On the half
From 8,17 exam simulation 24.
This question:
Monotone convex hull. (Find convex hull direction: Contact the college entrance mathematical linear programming)
Popping a backward operation is a bomb.
Sequence into a tree.
For the tree structure, parent-child relationships just recorded, can restore a whole tree.
Because to be persistent, then the stack here also becomes a tree.
Simply record on the stack father can be.
We do not even have to open an array as a stack.
Because of monotonicity, with multiplication, the effect is better.
Half, doubling some thoughts:
On two points, multiplying
1, the conventional array type stack due monotonic and continuous, may be two points and multiplying quick pop on sequence
(here dichotomy means l, r, while loop, check (mid) bipartite)
2, since you can only use half can also be used multiply, and that the difference between them where?

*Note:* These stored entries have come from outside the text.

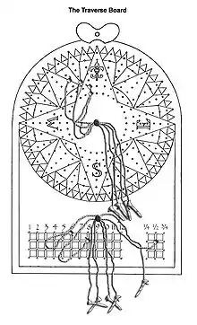 The traverse board is a wooden board with peg-holes and attached pegs. It is divided into two parts, upper and lower.
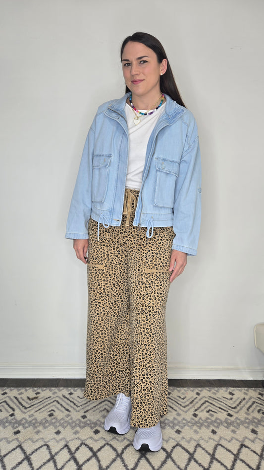 Risen Denim Oversize Cargo Jacket with Pockets and Waist String "Hollis"
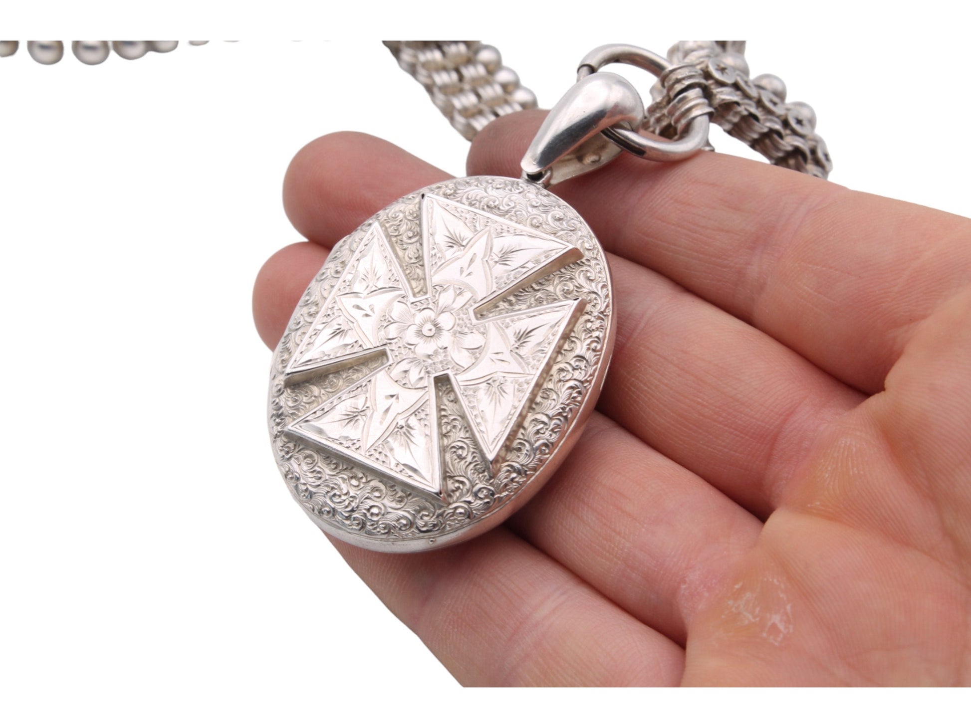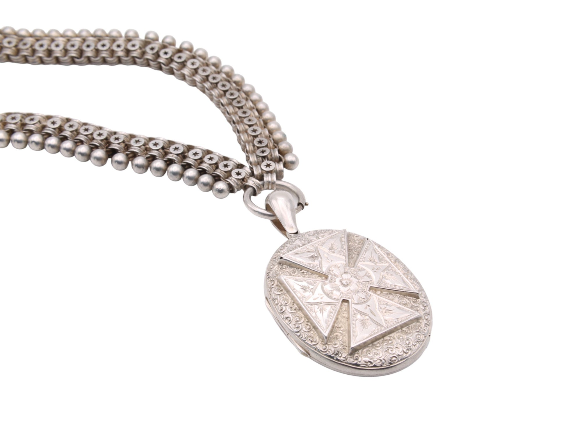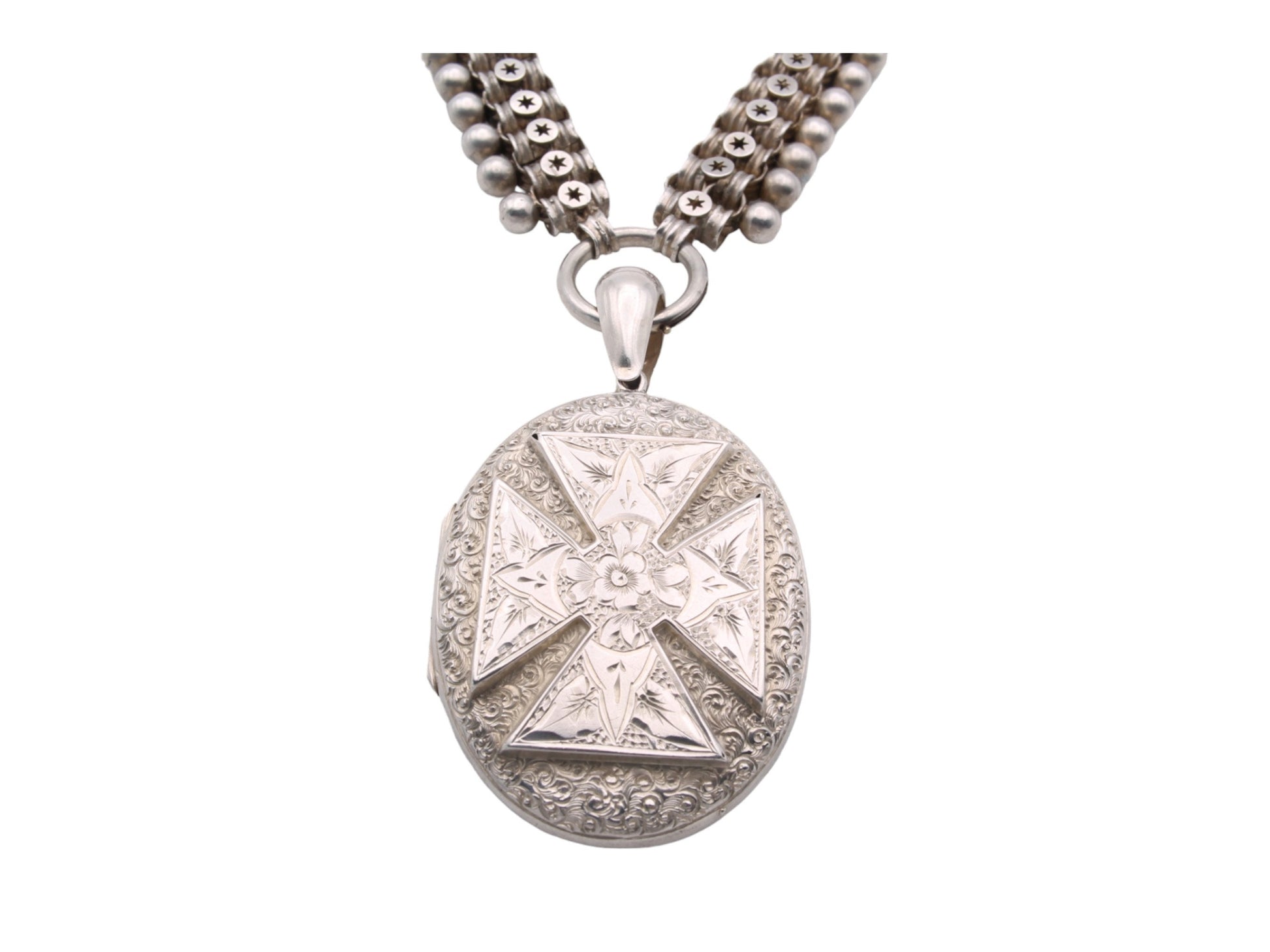 Victorian Sterling Silver Book Chain Locket Necklace: Maltese Cross, Forget-Me-Not

It found: multiplication is learned while learning lca, is used to solve the tree problem. It can be said that he is monotone, but because of the special nature of the tree can not be half solved.
Therefore, there has been doubling array. A good solution to the problem of binary tree ancestors.

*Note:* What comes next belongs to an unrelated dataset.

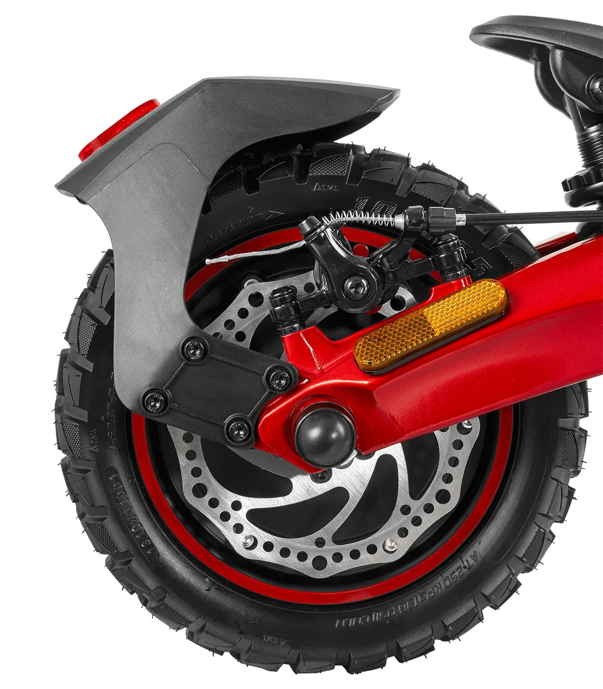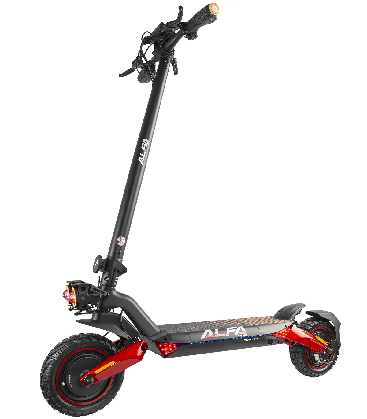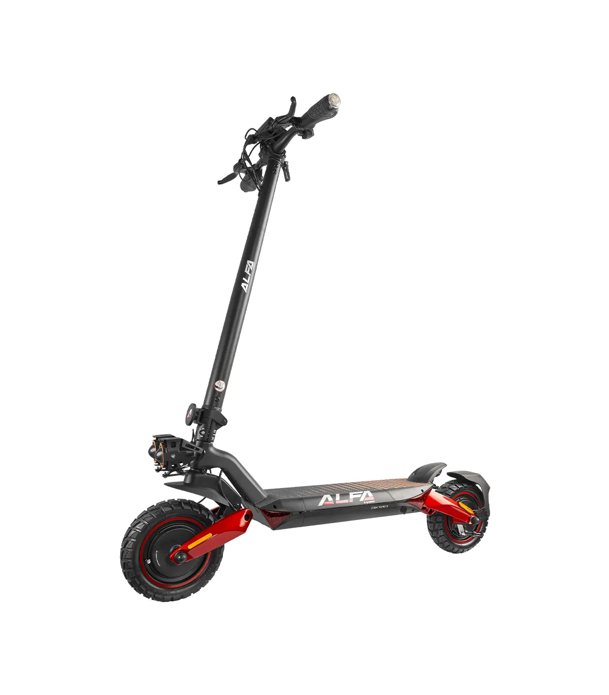 Romobil ima 10” kotače, dok prednji i stražnji amortizeri osiguravaju glatku vožnju čak i po neravnim terenima. Dizajniran je za maksimalnu težinu vozača do 120 kg, čime pruža stabilnost i izdržljivost.

Corollary: multiplier array can also be used in a simpler sequence than the tree. He is the dichotomy of the enhanced version.
Half of the problem can be resolved doubled mostly be resolved.
Is used in many cases mid-half (binary multiplier can be split), because the mid direct, not fixed log, may be less.
Multiplied i = 20 ~ 0 binary resolution, the complexity of the fixed log, with the upper half of the same, where the random a bit slower.
No record some relationship, binary multiplication and split-half is the same.
But it provides a lot of flexible and diverse array of functions doubled, making him more than a simple dichotomy adaptation, more functional.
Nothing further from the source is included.